Maddie squeezed Tara’s hand again and smiled. “You had a girl.”

Tara’s smile was weak but proud. “A beautiful girl, and healthy now, thank God. By all accounts, she’s happy and settled, and…” Her smile faded. “And I’m not a part of her life.”

“Are you okay with that?”

“I have to be. I chose it,” she said simply. “I chose it a long time ago, and I live with it. But Mom never really accepted it. I think maybe she felt her own guilt, you know, because maybe she didn’t give her daughters up, but she sure didn’t raise us. Anyway, she arranged a trust.” She held Maddie’s gaze. “She left the resort to us, but everything liquid went to her only grandchild. She hid the details from everyone but me in order to protect all parties, but mostly to protect me.” Tara’s eyes filled again. “I’m sorry, Maddie.

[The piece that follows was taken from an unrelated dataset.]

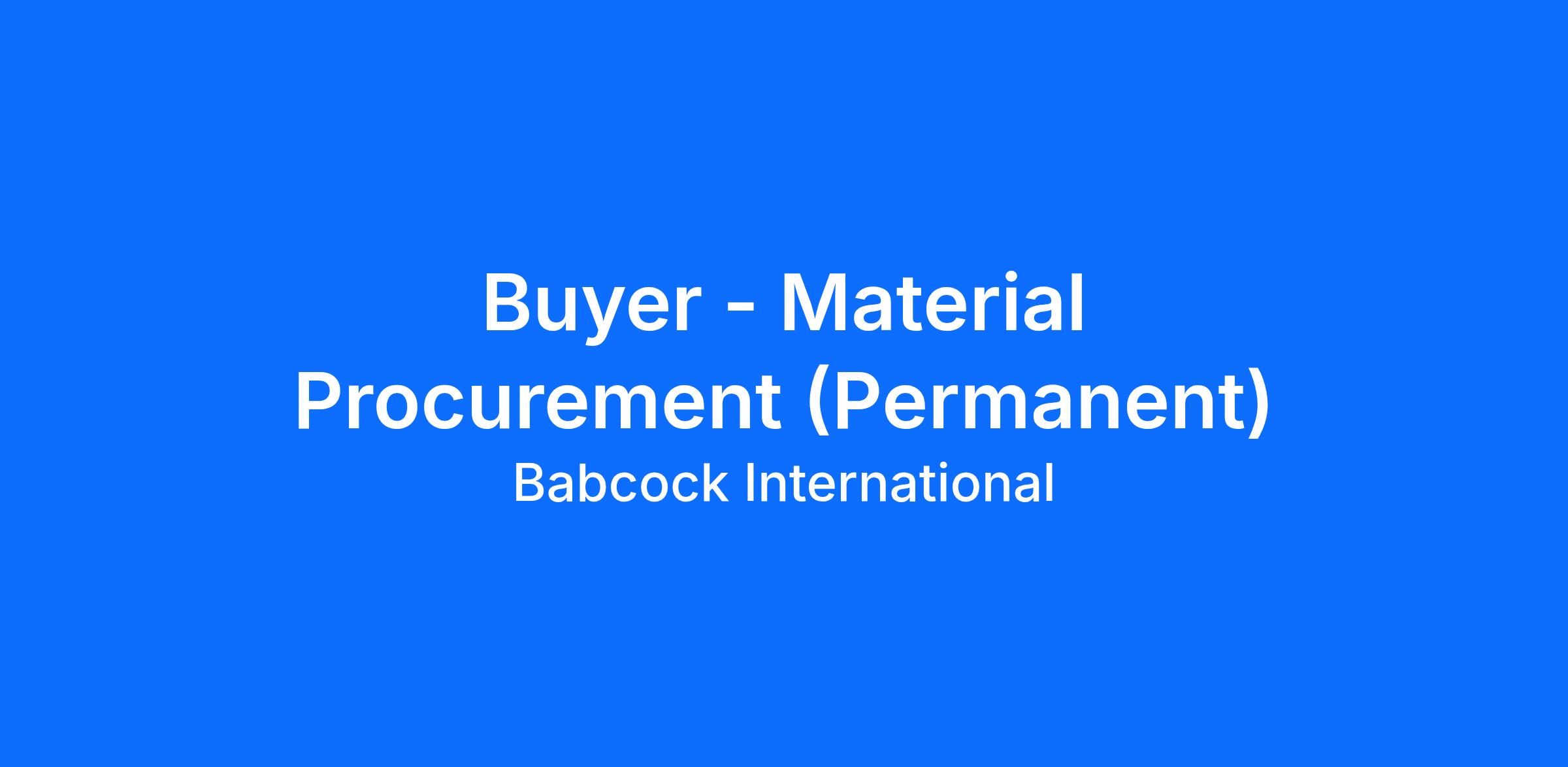 Buyer - Material Procurement (Permanent)

I’ve been holding this in for so long, and truthfully, I would have held it forever, except…”

“Except?”

“You,” she whispered. “You came here ready to accept what Mom wanted from us, what she hoped for. You came ready to accept us as a family. You maxed out your credit card to improve the inn that had been mortgaged to save my daughter.” She shook her head in marvel. “You gave this place your all, when the only thing I could think about was running like hell.” She swallowed hard and repeated, “I’m so sorry, Maddie. I’m so very sorry.”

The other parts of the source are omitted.